[Postmortem] Why My CyberArk Secrets Hub Failed to Connect to AWS (and What the Docs Don’t Tell You)

Posted by Hanson on

Editor’s Note: CyberArk Secrets Hub is a relatively new product designed to unify secrets management across hybrid and multi-cloud environments. It supports syncing secrets from AWS, Azure Key Vault, and more, into a centralized, policy-controlled interface.

Last year, I set up CyberArk Secrets Hub as part of a proof-of-concept (POC) with support from third party team. Everything worked. So naturally, I thought I had it figured out. Fast forward to this year—I rebuilt the environment on my own for DEV, only to hit a brick wall.

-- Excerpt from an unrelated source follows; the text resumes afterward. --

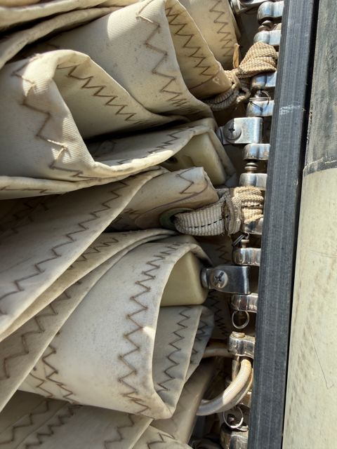 El aparejo incluye un mástil Francespar de 15 metros, jarcia firme ACMO en acero inoxidable, una mayor full-batten en buen estado, un génova de 50 m² también en excelente estado, una trinqueta casi nueva y un tormentín nunca utilizado. Todas las cadeneras son de acero inoxidable y el aparejo está dimensionado para navegación oceánica exigente.
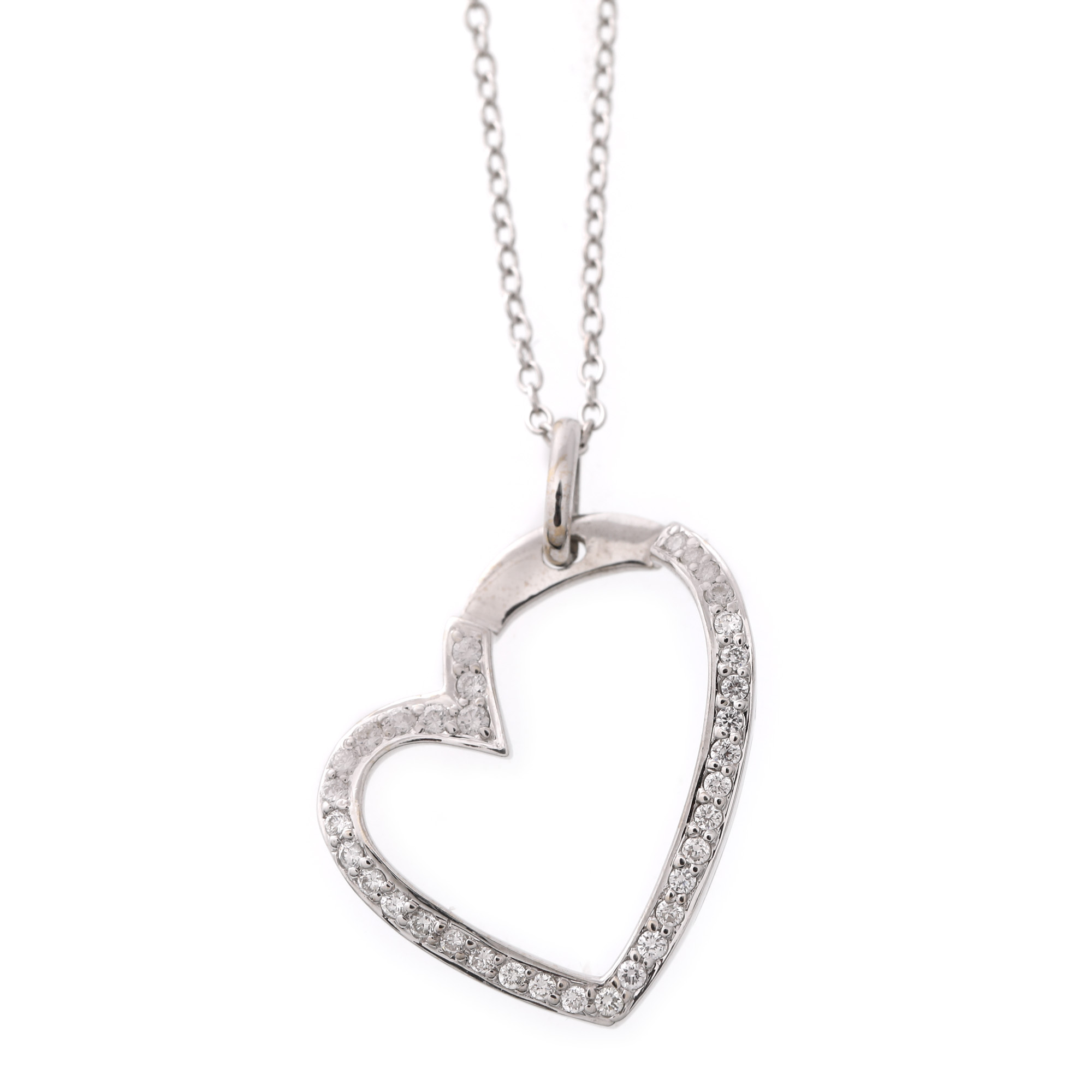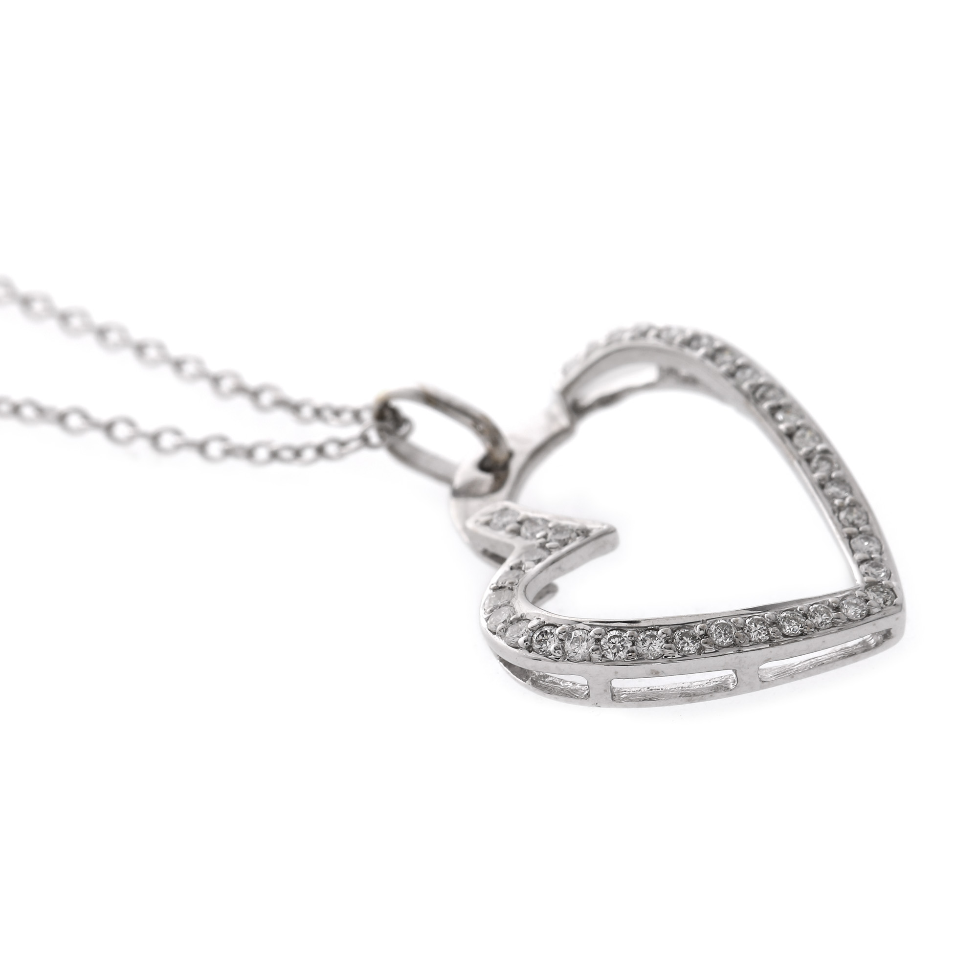 95. Lanț cu pandantiv în formă de inimă din aur alb, decorat cu diamante

Scene 1: Same Setup, New Problem

In a CyberArk ISPSS DEV instance, I have setup Secrets Hub and it was already working smoothly with Azure Key Vault, so when I tried connecting it to AWS Secrets Manager again, I assumed reusing the same IAM role would “just work.”

It didn’t.

No matter how many times I reviewed the trust policy, the connection kept failing. AWS side looked OK. CyberArk side looked OK. But something wasn’t clicking.

“Hey, same AWS account, same goal, same role. What could possibly go wrong?”

Famous last words. Despite Azure Key Vault integration working flawlessly, the AWS connection stubbornly failed. And so began the debugging journey.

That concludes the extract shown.